Peu de mots sont aussi riches de sens variés que "cette partie du corps humain qui fait angle droit avec la jambe et permet la station verticale" ainsi que le dit fort judicieusement l'un de mes dictionnaires.

C'est la raison pour laquelle nous n'envisagerons qu'un seul "pied", celui que l'on prend, ou que l'on ne prend pas d'ailleurs. Ce pied-là, qui est la version populaire de l'orgasme, et plus spécialement féminin, n'est pas aussi nouveau qu'on pourrait le croire.

Selon Alain Rey, ce sens très précis serait apparu vers 1920, et devenu plus courant à partir de 1925. Toutefois, ce serait le roman de Jean-Louis Bory, "Le Pied" publié en 1976 qui lui vaudrait son succès actuel. Si Alain Rey l'affirme, c'est certainement vrai.

Pourtant, le formidable engouement du public pour le film de Bertrand Blier, "Les Valseuses" en 1973 avait déjà beaucoup fait pour développer l'expression. On se souvient que Miou-Miou, malgré les efforts héroïques et conjugués de Depardieu et Dewaere, ne parvenait à le prendre, ce fameux pied, qu'à l'extrême fin de l'histoire, après une heure et demie de pellicule et suite à l'intervention d'un troisième larron, beaucoup plus minable en apparence.

Et pourtant, l'origine de la locution n'a pas grand-chose à voir avec le sens actuel. Le "pied", c'est la "part" de butin dans un vol. C'est ce qu'il y a à partager. On le dit depuis la fin du siècle dernier, par référence au "pied", unité de mesure de longueur de 32 centimètres environ, jusqu'à l'instauration du système métrique. Que les lecteurs mâles qui sont en train de s'observer avec inquiétude, se rassurent, les 32 centimètres n'ont rien à voir dans l'affaire.

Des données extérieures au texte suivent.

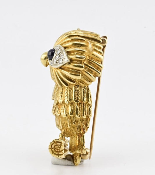 18K Solid Yellow Gold Owl Brooch 19.09g Diamond Eyes Marked 18K
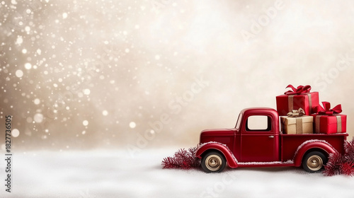 Red Toy Truck Delivering Wrapped Gifts for Festive Christmas Theme
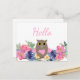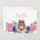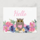 Niedliche rosa Herz Eule florale Aquarell Hallo Postcard.
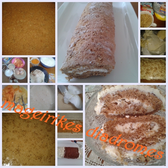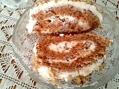- Ανοίγουμε το ρολό μας, βάζουμε γέμιση και πασπαλίζουμε με τα καρύδια. Τυλίγουμε πάλι σε ρολό, τώρα είναι πανεύκολο να τυλιχτεί, καλύπτουμε με το γλάσο που κρατήσαμε ή απλά πασπαλίζουμε με άχνη.
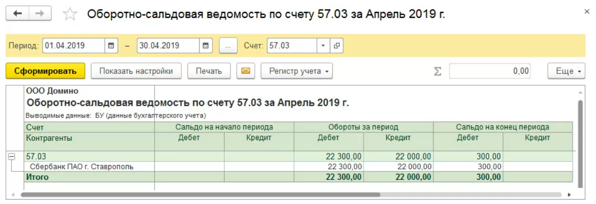 Сформировав оборотно-сальдовую ведомость по счету 57.03 «Продажи по платежным картам», мы увидим суммы поступивших оплат с помощью платежных карт за период и остаток сумм, не перечисленных на расчетный счет организации.
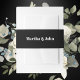 The Elegant Classic Black & White Wedding Invitation Belly Band is the quintessential accessory for couples who embrace timeless sophistication. With its striking black backdrop and crisp white accents, this belly band elegantly wraps around your invitations, highlighting your names or initials in a refined manner. Ideal for formal or modern weddings, it not only keeps your suite organised but also adds a chic touch that reflects your style. This beautiful detail creates a lasting impression for your special day, making it truly memorable.
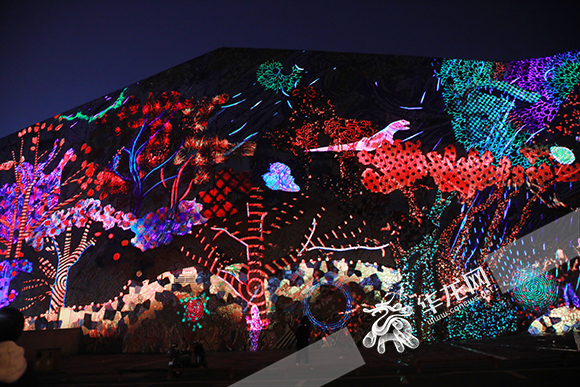 灯光墙绘上有森林、飞鸟、恐龙等等。华龙网-新重庆客户端记者 谢鹏 摄
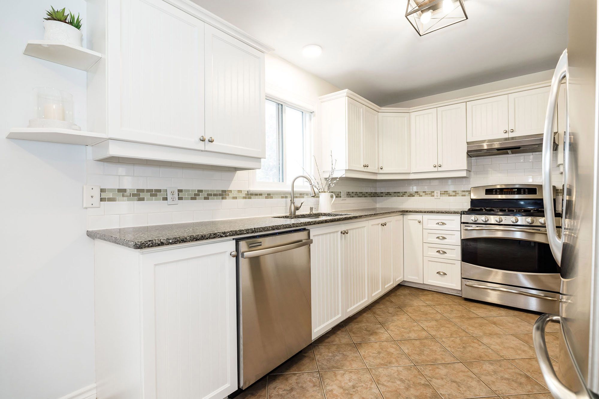 • Bright kitchen with stainless steel appliances and direct yard access.
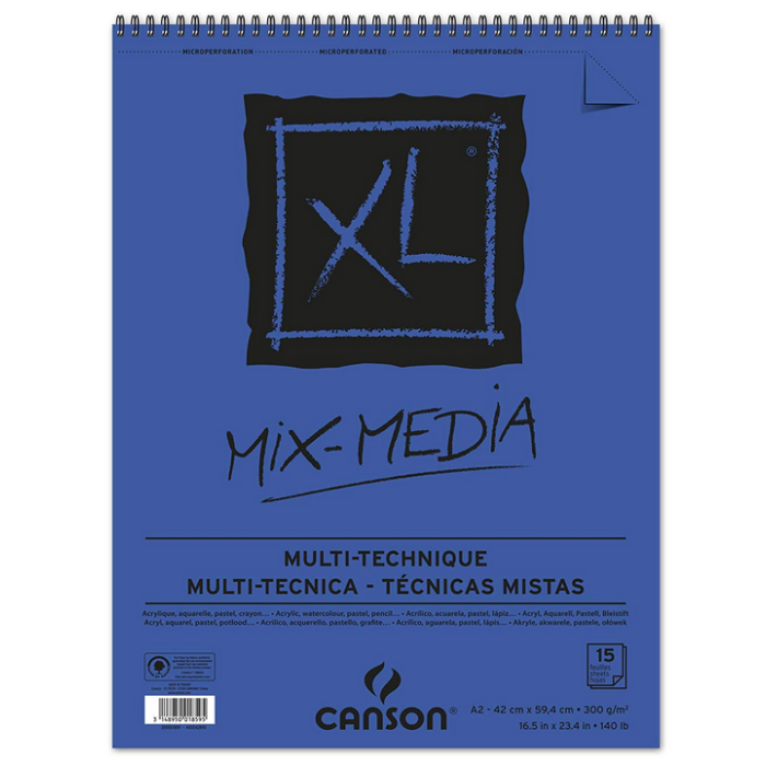 Bloc Canson XL MIX MEDIA de 15 feuilles A2 pour dessin adapté aux techniques pures ou mixtes à base d'aquarelle, gouache, acrylique. Numéro article C200001859
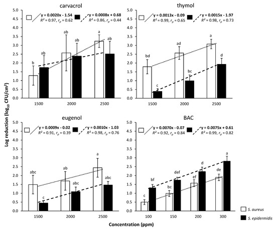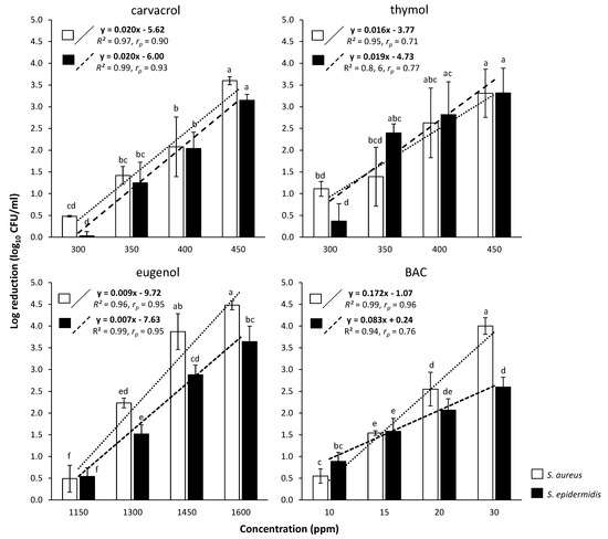 Log reductions (log10 CFU/mL) of planktonic cells for each bacterial species (□ S. aureus; ■ S. epidermidis) following 6 min exposure to each compound (i.e., CAR, THY, EUG, and BAC) applied at four different concentrations (ppm). The bars represent the mean values ± standard deviations. For each separate graph, mean values sharing at least one common letter shown above the bars are not significantly different (p > 0.05). Dotted lines illustrate linear regression correlations between the log reductions achieved (for each species) at each tested compound’s concentration. The mathematical equations of these regression plots, together with their regression coefficients (R2) and Pearson’s correlation coefficients (rp), are also shown.
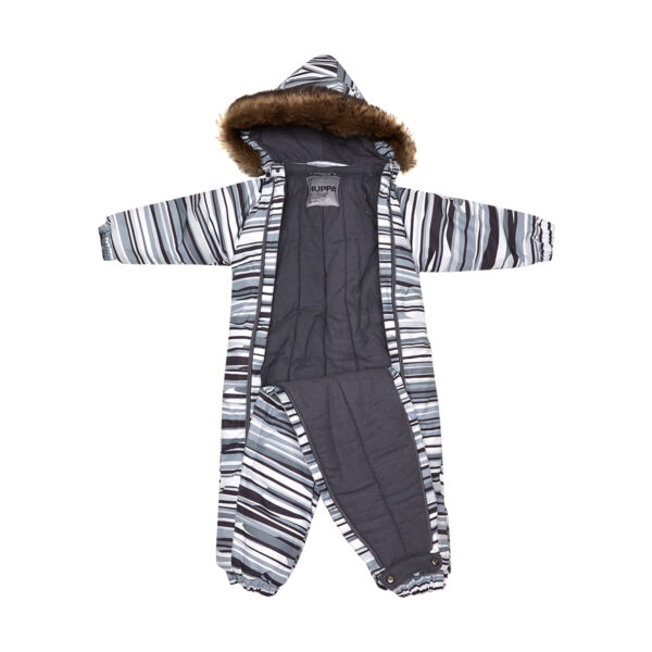 Bērnu ūdens un vēja necaurlaidīgs kombinezons Gaisu caurlaidīgs virsējais audums Piemērots kā mazuļiem, tā arī jau staigājošam mazulim Kombinezona iekšpusē mīkstā un patīkamā flaneļa odere Piedurknes un staras apstrādātas ar gumijas apdari Noņemamā kapuce pie apkakles stiprinās ar velkro aizdari, lai to varētu stingri piestiprināt Pieejams izmēros 68-80, ērti grozāmas piedurknes un staras Ūdens necaurlaidīgi līmēti izšuvumi Kombinezonam nav staru iekšējais apšuvums Komplektā elastīgas pazolītes Kapucei noņemama mākslīgās kažokādas mala Tumšā laikā papildus drošību sniedz uz auduma virspuses esošās atstarojošās detaļas
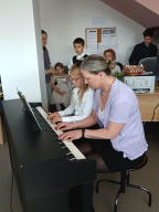 A koncert egyik különlegessége a zongora és a xilofon együtthangzása, amit iskolánk végzős diákjai adtak elő.
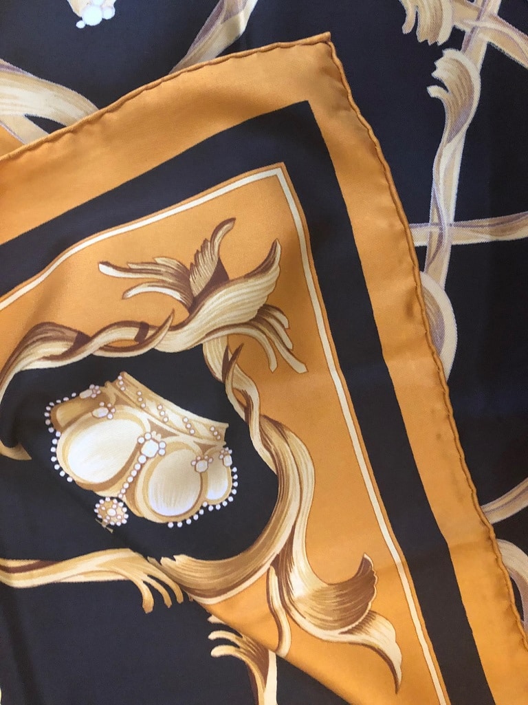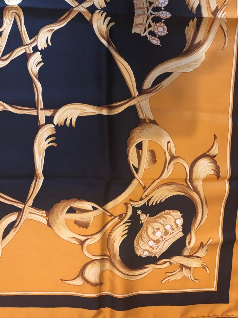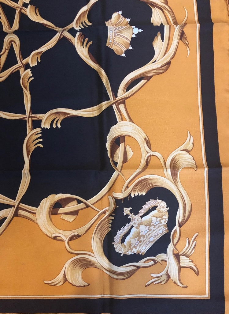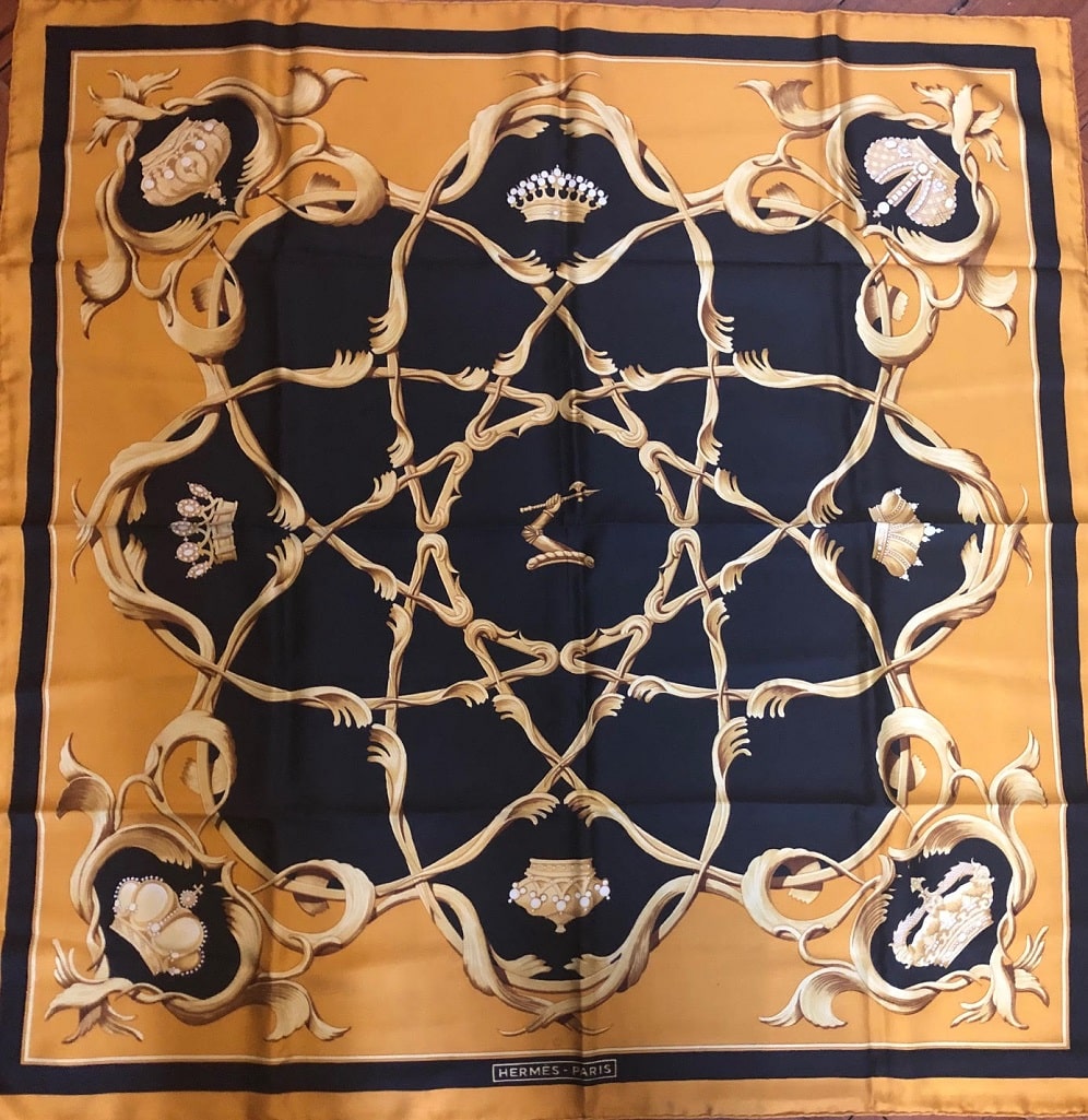 HERMES Rare Crowns Couronnes Silk Scarf in Dark Yellow Gold & Black Circa 1969.
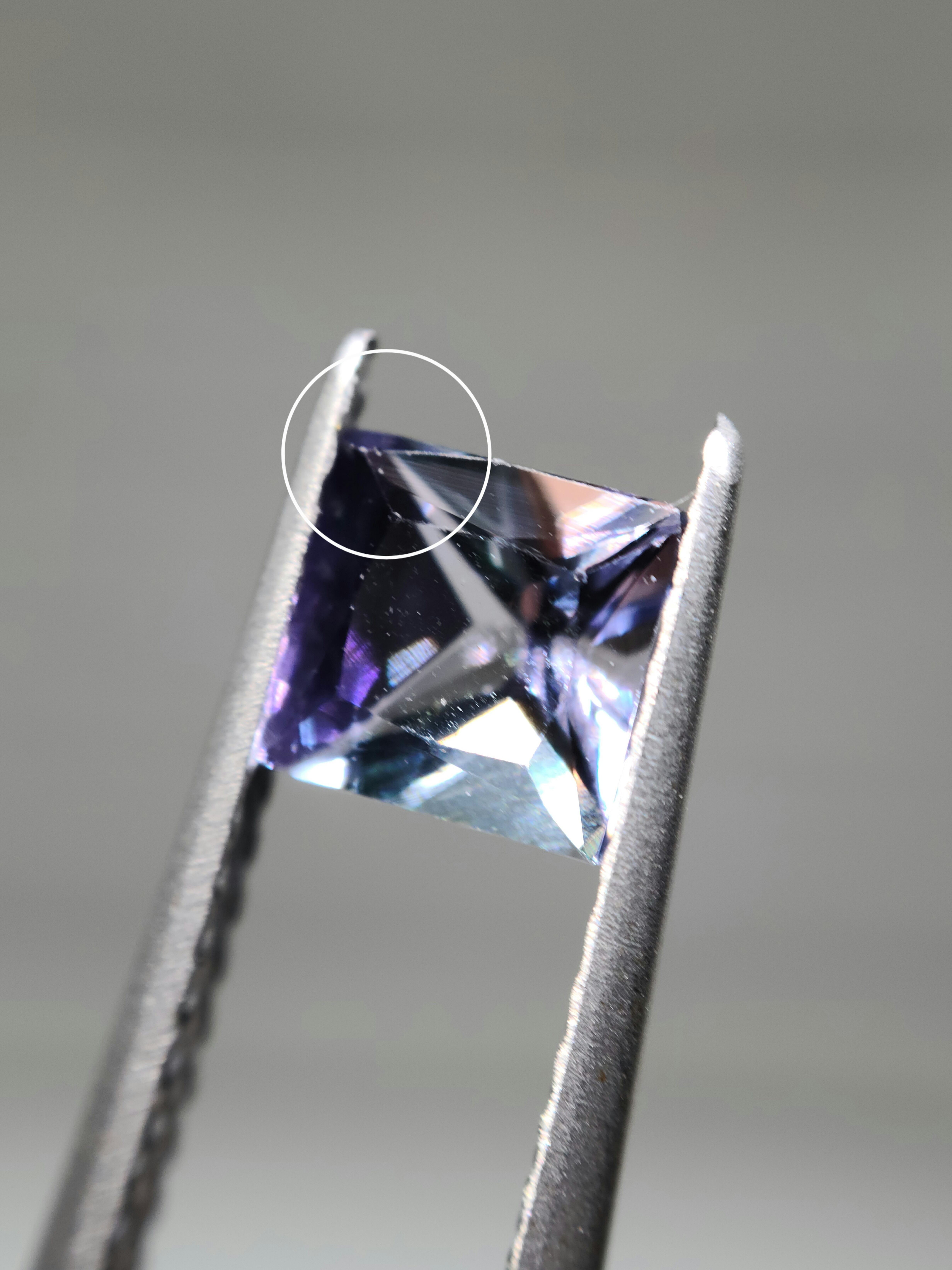 お写真にありますように、ガードル部分からクラウン部分にかけて、カットによる形の崩れがあります。前面から見た時の全体の形状には大きな影響はございませんが、気になる方はご購入をお控えください。

On suppose seulement, que "prendre sa part de butin" a pu donner le sens actuel de "prendre sa part de plaisir".

Quant à la question de savoir pourquoi la formule est plus fréquente pour évoquer le plaisir féminin, c'est que nous autres, fiers porteurs de seringues, dits du sexe fort, éprouverions un plaisir moins intense. Je ne sais pas comment on a fait pour mesurer l'intensité exacte des sensations, mais bon, c'est comme ça! Nos lecteurs catholiques pourront toujours supposer que c'est une compensation aux douleurs de l'enfantement. Ou, inversement, que, puisque tout plaisir se paye par de la souffrance, Dieu, qui serait un petit peu macho, aurait voulu punir plus durement nos compagnes en leur accordant cette petite gâterie supplémentaire.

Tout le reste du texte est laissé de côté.